Date Published: February 8, 2019

Publisher: Public Library of Science

Author(s): Heba El-Fiqi, Eleni Petraki, Hussein A. Abbass, Diego Raphael Amancio.


Despite the extensive literature investigating stylometry analysis in authorship attribution research, translator stylometry is an understudied research area. The identification of translator stylometry contributes to many fields including education, intellectual property rights and forensic linguistics. In a two stage process, this paper first evaluates the use of existing lexical measures for the translator stylometry problem. Similar to previous research we found that using vocabulary richness in its traditional form as it has been used in the literature could not identify translator stylometry. This encouraged us to design an approach with the aim of identifying the distinctive patterns of a translator by employing network-motifs.
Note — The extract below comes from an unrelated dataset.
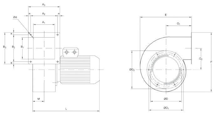 Вентилятори комплектуються асинхронними електродвигунами, однофазними або трифазними, 2-полюсними, виконання B3, зі ступенем захисту IP55, самовентильованими, розрахованими на безперервний режим роботи та такими, що відповідають стандартам UNEL та IEC.

Networks motifs are small sub-graphs which aim at capturing the local structure of a complex network. The proposed approach achieved an average accuracy of 83% in three-way classification. These results demonstrate that classic tools based on lexical features can be used for identifying translator stylometry if they get augmented with appropriate non-parametric scaling. Moreover, the use of complex network analysis and network motifs mining provided made it possible to design features that can solve translator stylometry analysis problems.

Partial Text

A much-debated question about translation is whether the translation is an art, science, or art and science combined. This question is raised due to the very specific nature of the translation task. If a piece of text is being given to two translators to translate, how can their correctness, validity, and accuracy be measured? What causes people to prefer one of these translations over another? Do translators have their own touch or signature in their translations? Or is it the case that if we have a number of valid translations for the same text, all of them are indistinguishable?
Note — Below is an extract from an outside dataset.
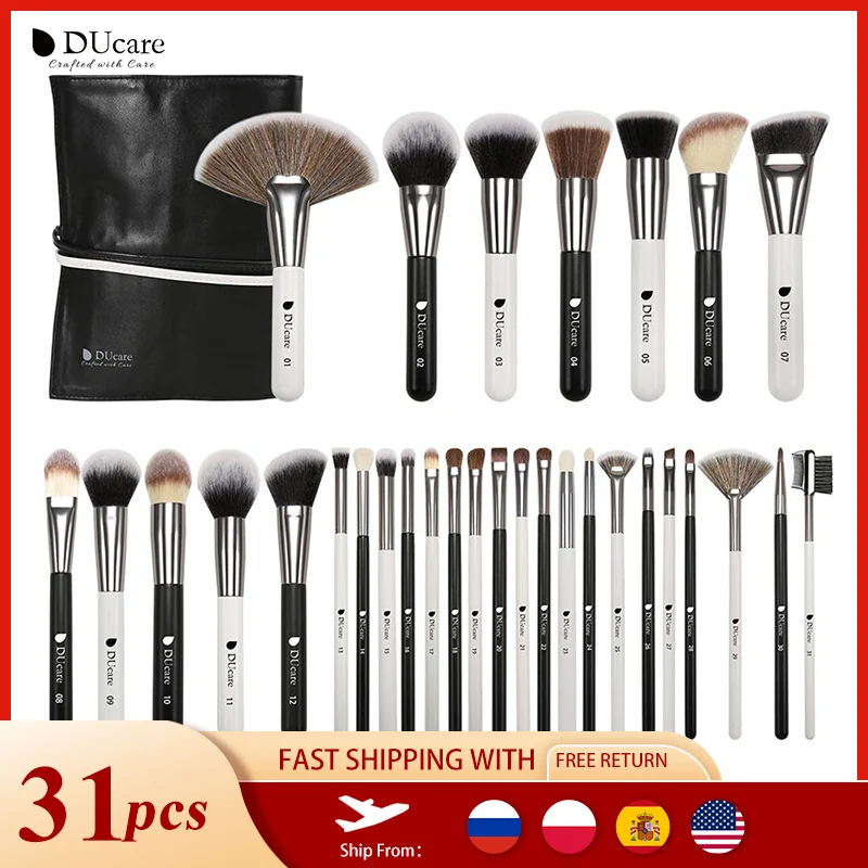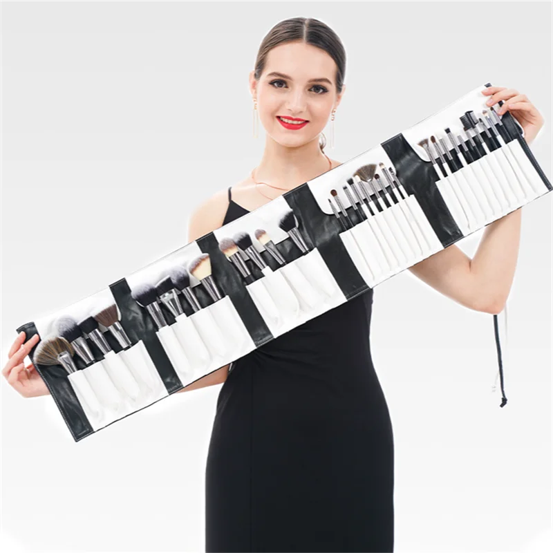 Кисти для макияжа, из натуральной козьей шерсти, черного и белого цветов

Stylometry is the study of the unique linguistic styles and writing behaviours of individuals. Kestemont defined it as the quantitative study of (literary) style, nowadays often accomplished by means of computation [13]. Stylometry can be thought as a measure of the style of a writer, which begs the question of what a style is.
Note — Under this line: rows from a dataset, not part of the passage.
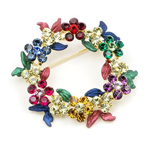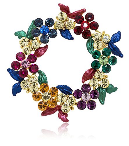 -. Title : Akianna Gold-tone Swarovski Element Crystals Wreath Pin Brooch Christmas Multicolor
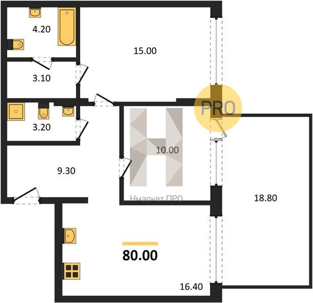 | Общая площадь: | 80.00 м2 |
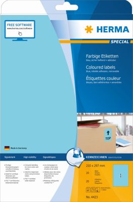 Herma No. 4423 kék színű 210 x 297 mm méretű, univerzálisan nyomtatható, matt felületű öntapadós etikett címke, visszaszedhető ragasztóval A4-es íven - kiszerelés: 20 címke / 20 ív
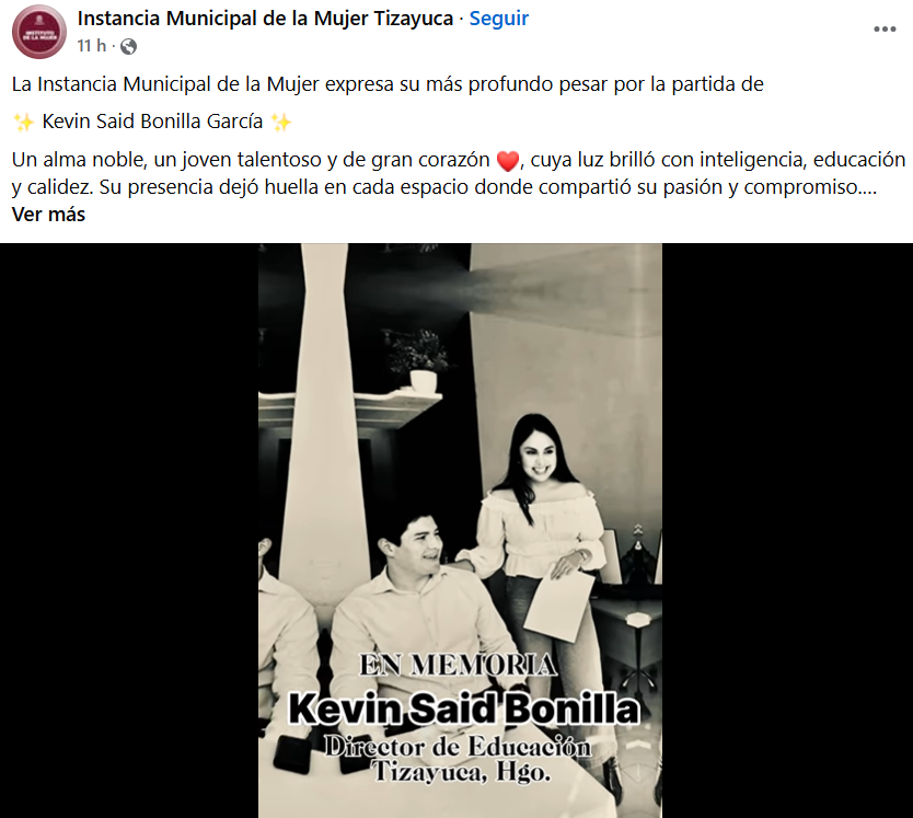 La tarde del pasado jueves, funcionarios y distintos personajes de Tizayuca informaron sobre el lamentable fallecimiento de Kevin Said Bonilla, quien se desempeñaba como director de educación de ese municipio.

In this study, we follow Baker’s definition of “Translator styles”: “a study of a translator’s style must focus on the manner of expression that is typical of a translator, rather than simply instances of open intervention. It must attempt to capture the translator’s characteristic use of language, his or her individual profile of linguistic habits, compared to other translators” [25]. Her definition of the style as a matter of patterning of linguistic behaviour is what we targeted in this research.

We are targeting the translator style by detecting the repeated patterns in the translator writings. We employ complex network analysis for that purpose.

In this paper, we addressed the challenging problem of translator stylometry, which received limited research attention. We demonstrated that vocabulary richness features can be used to detect translator stylometry, contrary to the claims made by Mikhailov and Villikka [10]. Detecting network motifs in a network can mimic detecting translators’repeated patterns in their writing. Although using network motifs as a stylistic feature failed to identify translators, representing the data using ranking to express the relationship between different usages of the same pattern in comparison to different translators introduced promising results. It provided data transformation that allowed minimized the effect of the original text on the analysis. Some of the generated classifiers achieved accuracy of 97.97%, while the overall average of accuracy reached 79.02% for the case of two translators for the Holy Qur’an corpus. Applying feature selection with the proposed approach achieved an accuracy of 81.08% in the case of three classes (translators) problem on the same dataset. Additionally, network motifs outperformed vocabulary richness as a stylometric feature for the second dataset investigated in this study, which is a Spanish novel, with an average accuracy of 95.10% that reached 100% for a number of cases.